Whilst AdTech is only part of the online advertising ecosystem, the UK Information Commissioner's Office (ICO) has being vocal about its intention to investigate it due to the risks it poses to the rights and freedoms of individuals under the General Data Protection Regulation (GDPR).1 The French DPA (CNIL) has also issued a statement on its plans to elaborate an action plan in order to outline the applicable rules and to help stakeholders in their compliance process.2
In this article we will examine the data protection challenges for AdTech and real-time bidding (RTB) companies, as well as some ways to ensure ongoing compliance, including the Internet Advertising Bureau (IAB) Europe's transparency and consent framework (TCF).
AdTech is a term used to describe tools which analyse and manage information (including personal data) for online advertising campaigns and automate the processing of advertising transactions.3 It covers the end-to-end lifecycle of the advertising delivery process, which often involves engaging third parties for one or more aspects of these services, although some advertising is still placed directly between advertisers and publishers.
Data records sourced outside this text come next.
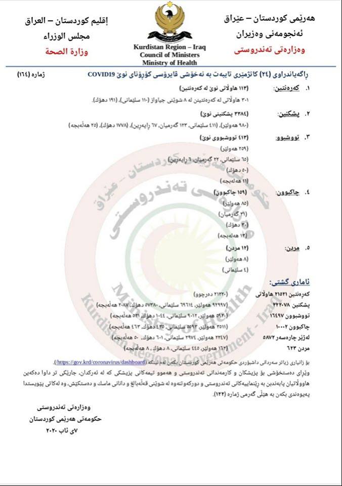 وه‌زاره‌تی ته‌ندروستی حكومه‌تی هه‌رێمی كوردستان له‌ راگه‌یه‌ندراوێكدا ئاماری 24 كاتژمێری رابردووی كۆرۆنای راگه‌یاند، به‌گویره‌ی راگه‌یه‌ندراوه‌كه‌ له‌ ماوه‌ی شه‌و و رۆژێكدا 413 كه‌س تووشی ڤایرۆسی كۆرۆنا بوونه‌ و 12 كه‌سی دیكه‌ش به‌هۆی په‌تاكه‌ گیانیان له‌ده‌ستداوه‌.
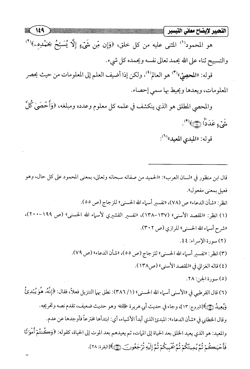 (¬1) انظر: "المقصد الأسنى" (137 - 138)، "تفسير القشيري لأسماء الله الحسنى" (ص 199 - 200)، "شرح أسماء الله الحسنى" للرازي (ص 302).
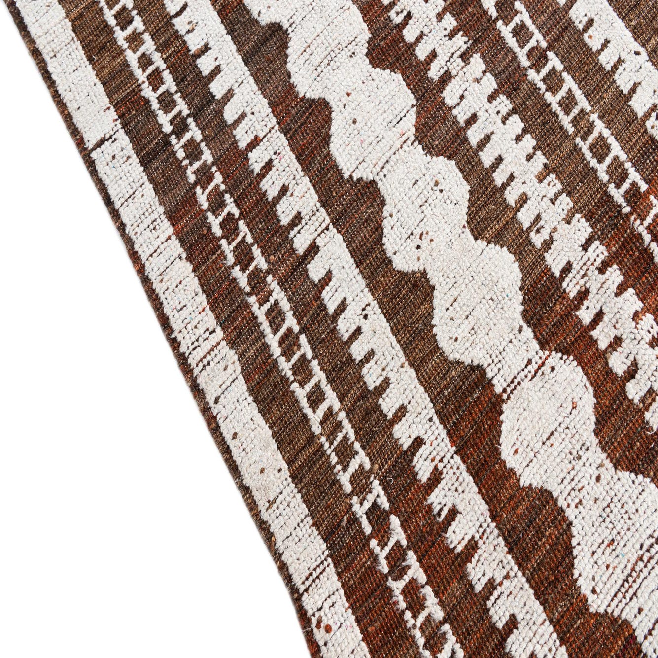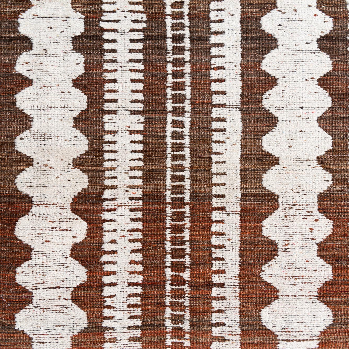 This Moroccan collection rug is a hand-knotted piece, meticulously crafted from 100% wool to offer both durability and comfort underfoot. Measuring 8x11, it features a linear pattern composed of alternating brown and ivory bands, creating a harmonious contrast that echoes the beauty of traditional Moroccan design. The rug's texture is rich and inviting, reflecting the high-quality wool and the expertise of its artisan creators.

RTB uses AdTech to enable the buying and selling of advertising inventory in real time – i.e. in the time it takes a webpage to load in a user's browser – on an impression by impression basis, typically involving an auction pricing mechanism. It is a type of online advertising – specifically, a subtype of programmatic advertising that is most commonly used for selling visual inventory online, either on the website of a publisher or via a publisher's app. RTB is differentiated from static auctions by the per-impression bidding mechanism, whereas static auctions can entail thousands of impressions bought together as a package deal.
RTB poses a number of risks to data protection, including the following:
Linking each processing operation to a single purpose: Website visitors must be produced with information about the above lawful basis (and provide consent where relevant) prior to the processing operation in order to comply with the principle of transparency.
Obtaining consent: Consent is the lawful basis on which to rely when processing personal data for interest-based advertising purposes, i.e. to target viewers on the basis of their browsing history, and webpage currently being loaded. Consent is also relevant as it is needed under the ePrivacy Directive in order to place cookies (except where these are strictly necessary to provide a service which the data subject has requested) and will likely be necessary under the new ePrivacy Regulation expected to come into force in 2020 and take effect by 2023. In addition, explicit consent is the only valid lawful basis for processing of special categories of data such as health data. Consent must be freely given, specific, informed and an unambiguous indication of the data subject's wishes. This has a number of implications for consent in the AdTech industry:
Actively given: Pre-ticked consent boxes are not permitted because they do not demonstrate an unambiguous indication of the data subject's wishes.
Informed: A reasonable amount of information (including third parties which may receive personal data) must be presented to the individual before consent is obtained.
Specific: Consent cannot be bundled but must be obtained for each processing operation.
Freely given: Website visitors must be given a genuine choice. If, for example, a visitor cannot access a website without giving consent to tracking cookies which are not an essential part of supplying the website, the consent is unlikely to be freely given.
Revocable: Ad viewers must have the option to revoke their consent that is at least as prominent, user-friendly and effective as the method used to collect their consent.
AdTech is a complex industry with multiple stakeholders and technical parameters that pose specific risks to the rights and freedoms of individuals. Adopting industry solutions such as the IAB transparency and consent framework will enable AdTech companies to continue their business under the GDPR. The key steps are: identifying and relying on an appropriate legal basis for processing, especially consent for internet-advertising purposes, linking each processing operation to a single purpose for processing, and ensuring that the consent obtained fulfils the GDPR's requirements.
1UK ICO, Update Report into AdTech and Real Time Bidding, 20 June 2019, ico.org.uk/media/about-the-ico/documents/2615156/adtech-real-time-bidding-report-201906.pdf; McDougall S, AdTech – The Reform of Real Time Bidding Has Started and Will Continue, 17 January 2020, ico.org.uk/about-the-ico/news-and-events/news-and-blogs/2020/01/blog-adtech-the-reform-of-real-time-bidding-has-started/.
2CNIL, Online Targeted Advertisement: What Action Plan for the CNIL? 28 June 2019, https://www.cnil.fr/en/online-targeted-advertisement-what-action-plan-cnil.
3UK ICO, Update Report into AdTech and Real Time Bidding, 20 June 2019, https://ico.org.uk/media/about-the-ico/documents/2615156/adtech-real-time-bidding-report-201906.pdf
4McDougall S, AdTech – The Reform of Real Time Bidding Has Started and Will Continue, 17 January 2020, ico.org.uk/about-the-ico/news-and-events/news-and-blogs/2020/01/blog-adtech-the-reform-of-real-time-bidding-has-started/.